罗金凤冷不防挨了一下,顿时时悲愤交加,她捂住脸放声大哭,“你打吧打吧,打死我,好去跟那臊狐狸过!”
夫妻俩抬高了声调拌嘴的时候,女儿丹琴就竖着耳朵在房间里听。这边一打一哭,丹琴即刻跑出来,拦在了他俩中间。
“爸,妈,别打了——”
一见到孩子,罗金凤哭得更痛更伤心,“琴呐,你爸他有外心了,他不要咱们了!”
隔着孩子,卢连璧只好无奈地皱皱眉头,“别听你妈胡说。”
罗金凤理直气壮地指着丈夫说,“你以为我不知道哇,我瞧你带着小摄象机走的。”
得知对方在偷偷窥视自己的行踪,卢连璧烦闷地顶了一句,“带着摄象机走怎么了?”
“你敢拿出来放放?”
“老子不给你放怎么了?”
罗金凤忽然敏捷地向茶几那边跑过去,一把将卢连璧的背袋抱在了怀里。
“反正咱琴也十一岁了,该懂事了。哼,让你闰女瞧瞧,她爸爸做的什么事儿!”
卢连璧没有过去抢,他铁青着脸,就那么看着罗金凤打开摄象机,取出带子,然后往放象机里塞。
电视屏上闪了一阵杂乱的雪花,然后就出现了真的雪花。那是天上落下的雪,天很凝重很肃穆,在那种背景里,渐渐的有人影出现了。是个女人,女人风度着她的憔悴她的苍白,渐行渐近地在屏幕上晕染开,几乎将整个屏幕占满。罗金凤看清楚了这女人不是乔果,罗金凤还看清楚了这女人的胸前有花,很大的一朵,很白……
罗金凤疑惑地向丈夫瞥了一眼。
镜头晃动着,照着女人的脚。精巧细软的白羊皮靴,疲惫地沾着些泥水,一阶一阶地住上走。担心那柔弱,担心那孤独,于是有很多的脚杂进来,与之相伴。

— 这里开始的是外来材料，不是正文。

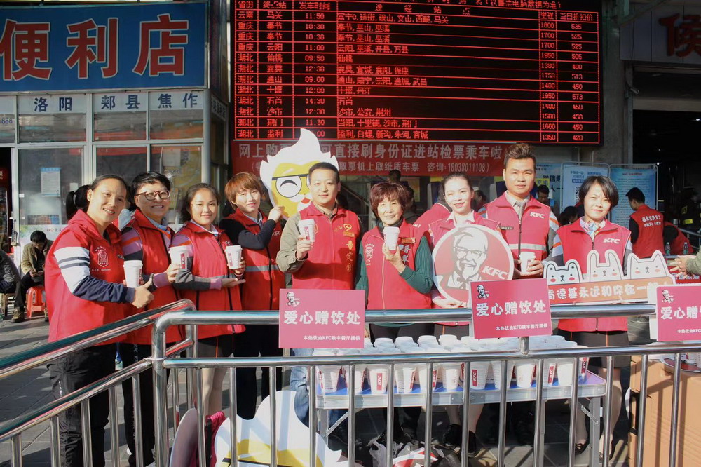 福永義工以及深圳肯德基工作人員現(xiàn)場贈送熱飲。
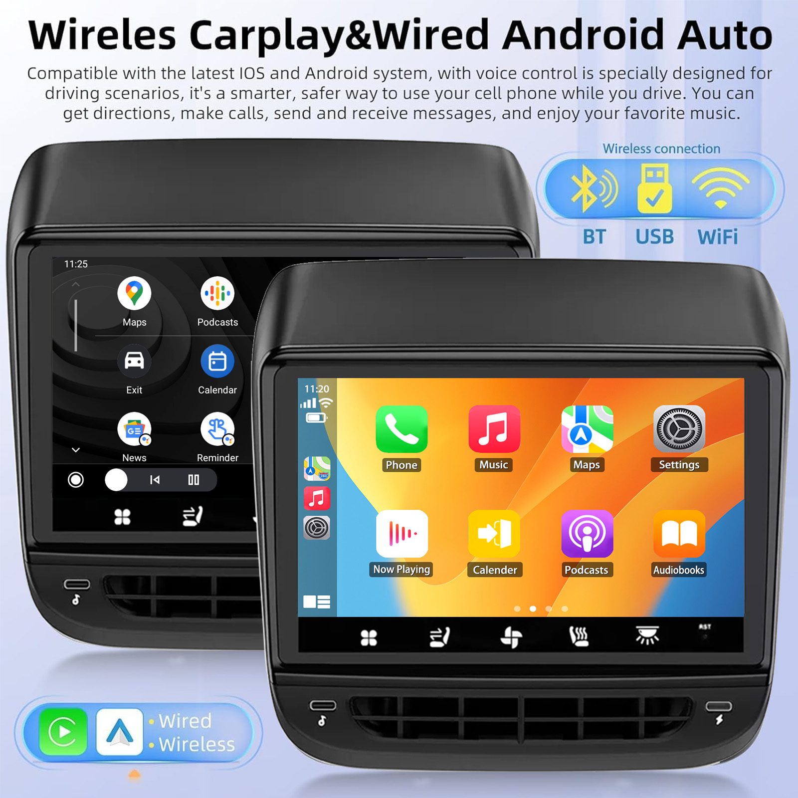 Support Android auto and Carplay: You can easily connect the rear entertainment display to your phone
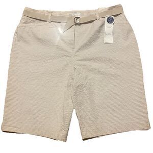 Charter Club Tummy Control Seersucker Belted Shorts 14 Beige Stripe Summer
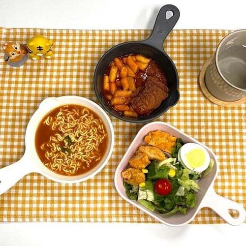 양손잡이 도자기 라면 전골 그릇 가정용 전자레인지 조리 용기 아이보리 그린 2색상
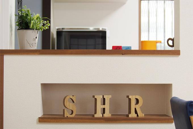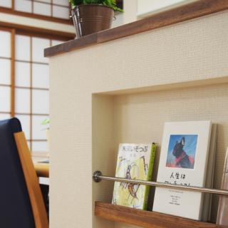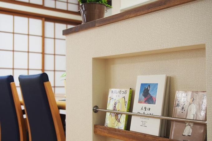 キッチン腰壁にはマガジンラックとニッチ収納を設置。ニッチ収納はお使いになるダイニングテーブルに合わせて高さを調整しました。
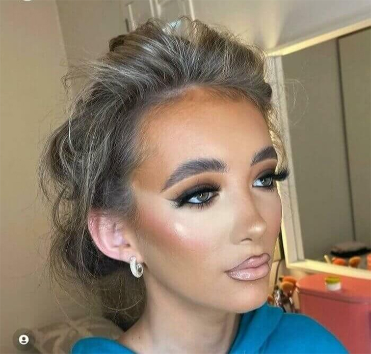 This makeup was almost flawless, but the heavy bronzer and contour on her forehead took it in a different direction. Her hair is pinned back in elegant curls, and her eyes and lips are beautifully done, but the stark white highlight creates an awkward demarcation line between her forehead and the cheek blush. It’s like someone drew a highway on her face, dividing the regions with precision.

脚们来到了大厅里,是那种光滑的大理石,让人禁不住要随着音乐在上面翩翩起舞。
果然有音乐响了起来。
舒缓的节奏,泥浆一般滞重的旋律。石块一般的面孔连砌着,缓缓地向前移动……
是葬礼,是遗体告别仪式!
罗金凤呆住了,她甚至没有想到应该立刻关上电视机。她哑口无言地望着丈夫。卢连璧双手抱着脑袋,仿佛折断了脖子一样任它垂下来,让人无法看到的他的面孔。
凝固般的沉默。也是葬礼,也有了那种遗体告别仪式般的沉重。
罗金凤突然清醒了,她爆发似的叫道,“我错了!连璧,是我错了呀——”
卢连璧却双手张开,狠狠地打着自己的头。
“别怪我,别怪我。我去给你热饭,你先歇会儿,我这就去给你热。”女人扑上来,抱住了丈夫。
卢连璧推开了她,是轻轻推开的。
罗金凤折身走进厨房的时候,卢连璧起身从录象机里取出了那盘带子。
“妈妈,爸爸走了呀——”女儿喊着。
罗金凤闻声奔出来,号陶大哭。“连璧,你别走,你别走……”
女儿也跟着哭。
卢连璧烦躁地皱了皱眉,打开门走了出去。
卢连璧出门之前,并没有想过要到哪儿去。风雪拂了一下他的脸,他立刻想到了安雅小区。当然是安雅!--
“嘟嘟!”乔果吊在他的脖子上,忘情地吻着。
晨血带来的自我惊扰,回家造成的不良剌激,仿佛都在这忘情的拥吻中消解了。乔果也没有吃午饭,她从家里回来就无情无绪地钻进了被窝,似睡非睡地消磨着时间。卢连璧来了,她才有了饥饿的感觉,才有了做饭的兴致。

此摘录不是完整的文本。